Bender Balls one way for people to get fit

Fitness instructor Tracy Simons works a Bender Ball during an exercise class at the Morinville Community Cultural Centre – Stephen Dafoe Photo

By MorinvilleNews.com Staff

Morinville – With large blue rubber balls firmly in hand, a group of women squeeze and manoeuvre them as if they were dance partners, stepping and striding across the mezzanine of the Morinville Community Cultural Centre with purpose. But the choreographed routine is not part of any new dance class. Rather, it is a fast-paced exercise program called Bender Balls.

The Bender Ball, a small, pliant stability ball named after American fitness trainer Leslee Bender is the hub around which instructor Tracy Simons has been putting a number of Town of Morinville employees through their lunch hour paces for the past few weeks. That fitness program will hit a broader group in September when the program becomes part of the Town’s fall programs.

“It’s a lot of fun,” Simons said of working out with a Bender Ball. “It’s just a different way of exercising.”

But Simons said that difference offers women and men a safer way to do abdominal workouts. “It’s about isolating muscles, working through the core,” Simons said. “It’s a good abdominal workout because you isolate the muscles. You put it [the ball] behind your back so you are protecting your lower back. It’s taking the pressure off the lower back, taking pressure off your neck.”

One Morinville employee who has been involved in the pilot program since the beginning is Recreational and Cultural Coordinator Melonie Dziwenka. “As a participant what I find with Bender Balls is that it specifically targets areas that, for myself as a women, are difficult,” she said. “I take kickboxing, I go walking, and it works every other area. But with the small ball, I find it really works those cores.”

Dziwenka said the process of working with the Bender Ball is different every time because Simons changes up the routine week after week with both the music and the routines. “It kind of keeps you going,” she said. “You definitely feel it the next day, which is great because it shows you that those are muscles that are inactive.”

The program was introduced to fit in with Morinville’s participation in the Choose Well initiative, a program that’s gets residents into more active and healthy lifestyles.

The Bender Balls program will be offered on Tuesdays from 12:15 to 12:45 p.m. from Sept. 20 to Nov. 22. Cost for the program is $30 per person.

More fitness programs on offer

Dziwenka said Bender Balls is but one of a large offering of fitness programs being offered this fall. Another half hour program called Butts and Gutts [sic] offers men and women an opportunity to shed some excess material in hard to shed areas. Other programs include Kids on the Ball, dodgeball, Power Hour, Basic Strength and Cardio Circuit, Nordic Walking and a seniors’ fitness class.

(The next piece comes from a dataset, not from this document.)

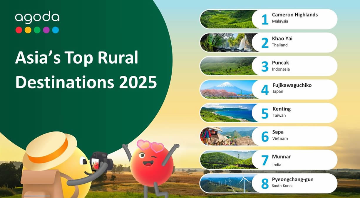 デジタル旅行プラットフォームのアゴダは、アジアの農村観光地ランキングを発表しました。マレーシアの「キャメロン・ハイランド」が1位を獲得し、タイの「カオヤイ」が2位、インドネシアの「プンチャック」が3位に選ばれました。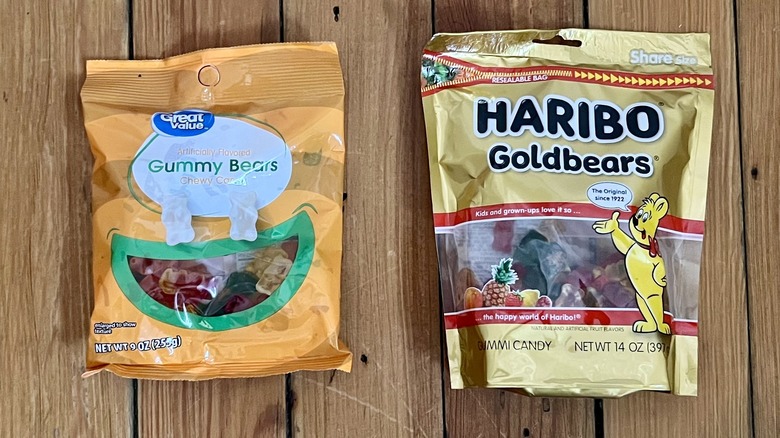 Walmart selling packs of Gummy Bears is not some new revelation. The retailer has been selling these treats made with beef gelatin for well over a decade. However, since we've convened to compare its new chocolates to name brand products, let's do the same with these little colorful fellers.

The rec coordinator said the Town has tried to spread the programing through a variety of times and age groups with lunch hour, evening and morning classes. There’s even a Strollercise program for mothers and their babies.

Dziwenka said through the Choose Well program it was discovered communities were not initiating exercise at a young enough age. “We do the stories, we do the play, but we are forgetting about the physical,” she said, adding a Kid Fit program for children aged 3 to 5 is being introduced this fall. To deal with the fact teenage girls tend to reduce participation in school physical fitness programs after Grade 10, the Town is introducing a Girls Get Going program for girls 13 and older to help them stay active.

“We’re actually trying to work on a whole community package rather than just one activity here and one activity there,” Dziwenka said, adding she and Simons have spent considerable time to put together a variety of programs to suit all residents.

Full details on this fall’s program offerings can be found in the Fall-Winter Community Guide available at the Community services office in the Morinville Community Cultural Centre.